Le président français Emmanuel Macron a tenté une contre-attaque dans l’affaire Benalla en revendiquant sa « seule » responsabilité, sans réussir à éteindre le feu nourri des critiques.
« Le seul responsable de cette affaire c’est moi », a déclaré mardi soir le président, sortant ainsi du silence dans lequel il s’était muré depuis l’éclatement, la semaine dernière, du « Benallagate », du nom de son collaborateur Alexandre Benalla, inculpé pour avoir frappé des manifestants sans disposer d’aucun pouvoir de maintien de l’ordre.
« S’ils veulent un responsable, il est devant vous, qu’ils viennent le chercher », a lancé, bravache, le chef de l’État, fustigeant « la République des fusibles » et la « trahison » de son ancien collaborateur, qui n’avait été dans un premier temps que suspendu deux semaines, avant que la révélation de ses gestes n’entraîne son licenciement et son inculpation.
Emmanuel Macron a « commencé à desserrer le nœud coulant », commente pour l’AFP un spécialiste de la communication politique. « Il y a eu d’abord une phase de panique quand l’affaire a éclaté, d’où le silence » puis un retour de la parole présidentielle qui est « une reprise d’initiative », poursuit cette source qui demande l’anonymat.
M. Macron a montré qu’il restait « le maître des horloges », a estimé mercredi le porte-parole du gouvernement Benjamin Griveaux: celui qui parle quand il l’a décidé, et qui n’a « pas à répondre aux convocations des uns ou des autres ».
« Il n’y a pas d’affaire d’État », a-t-il répété, pointant que « bâtir une République exemplaire » comme promis par Emmanuel Macron pendant la campagne présidentielle, « ça n’est pas promettre une République infaillible ». « Toutes les leçons » de l’affaire Benalla « seront tirées à la rentrée », a-t-il aussi assuré.
Mais l’opposition, toujours très remontée, reproche en particulier au président de s’être exprimé lors d’une soirée ne réunissant que des membres de sa majorité — « dans l’entre-soi » des élus du parti présidentiel, a relevé le président LR (opposition, droite) du Sénat, Gérard Larcher.
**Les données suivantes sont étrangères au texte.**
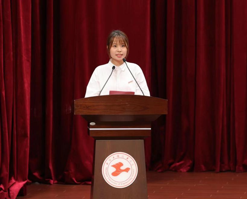 Zhu Junxuan, Secretary of the Party Committee of the College, carried out the initiation education for new students from three aspects, namely, "What kind of political party is the Communist Party of China (CPC)", "Why do we want to join the CPC" and "How do we join the CPC" under the title of "Continuing the Red Gene, Youthful Faith Walking Together", and expressed the hope that the students present here will firmly uphold their ambition to serve the country and set up the monument of faith that is anchored in the heart, so that they will join the CPC as soon as possible during the journey of realizing the great Chinese dream!
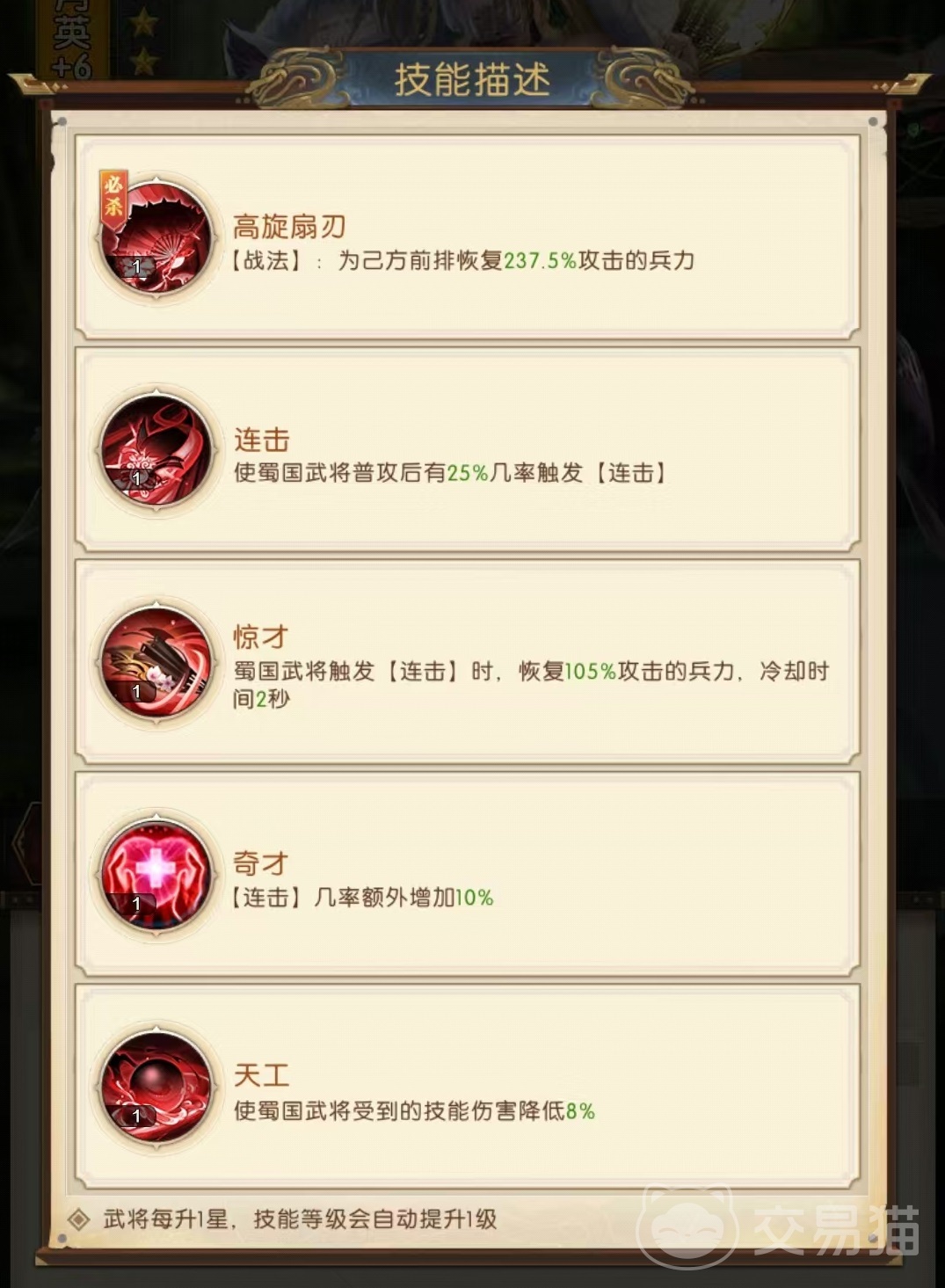 黄月英的技能效果并不是打出伤害,而是给队伍带来很好的治疗续航能力。大招高旋扇刃,可以为敌方前排恢复237.5%攻击力数值的兵力。第1个被动连击,使蜀国武将在普攻之后,有25%几率触发连击。第2个被动惊才,在蜀国武将触发连击时,可以恢复105%攻击力的兵力,冷却时间2秒钟。第3个被动奇才,连击几率额外增加10%。最后一个被动天工,蜀国武将受到的技能伤害降低8%。

Les journalistes n’étaient pas présents à cette soirée et les images ont été choisies et fournies par des participants.
« Matamore »
Ses propos « de boxeurs » ne manquent « pas de cran », juge le quotidien conservateur Le Figaro, mais cela « ne l’exonère pas d’une déclaration plus solennelle devant le pays », que les Français appellent d’ailleurs de leurs voeux: selon un sondage OpinionWay diffusé mercredi 66% d’entre eux souhaitent qu’Emmanuel Macron « s’adresse aux Français ».
« Devant un public de fidèles, sans contradiction possible, M. Macron choisit d’éviter la plupart des questions soulevées », qui « restent très nombreuses », regrette Le Monde.
« Bien protégé au milieu de ses amis », Emmanuel Macron a fait « le matamore », a ironisé Alexis Corbière, député LFI (gauche radicale), demandant, comme d’autres politiques, que le président soit entendu par la commission d’enquête parlementaire.
Le président, qui n’est pas responsable devant le Parlement, ne peut être contraint à être auditionné, mais certains constitutionnalistes estiment que rien de l’empêche de l’être de sa propre initiative.
Pour le patron du Parti socialiste Olivier Faure, M. Macron « a repris l’initiative, mais n’a pas repris la main »: « C’est un président acculé, qui n’a pas d’autre choix que d’admettre, avant que la commission d’enquête lui fasse admettre, que tout remonte à l’Élysée » dans cette affaire.
« Une chose est sûre: le mythe du nouveau monde s’est effondré », a aussi lancé M. Larcher.
Mercredi, la présidente de la commission Yaël Braun-Pivet a affirmé que les députés de la majorité jugeaient « inutile d’auditionner d’autres membres du cabinet du président de la République et du ministre de l’Intérieur », comme le réclame LR.
« Il est manifeste que l’opposition privilégie une approche polémique et politique qui vise à tirer profit de l’actualité loin de tout souci de la vérité », a-t-elle dénoncé.
A la commission parlementaire, les auditions se sont poursuivies mercredi, les responsables de la sécurité du palais présidentiel se succédant pour justifier leur action.
Jeudi, la commission passera sur le gril le secrétaire général de l’Élysée Alexis Kohler, bras droit de M. Macron.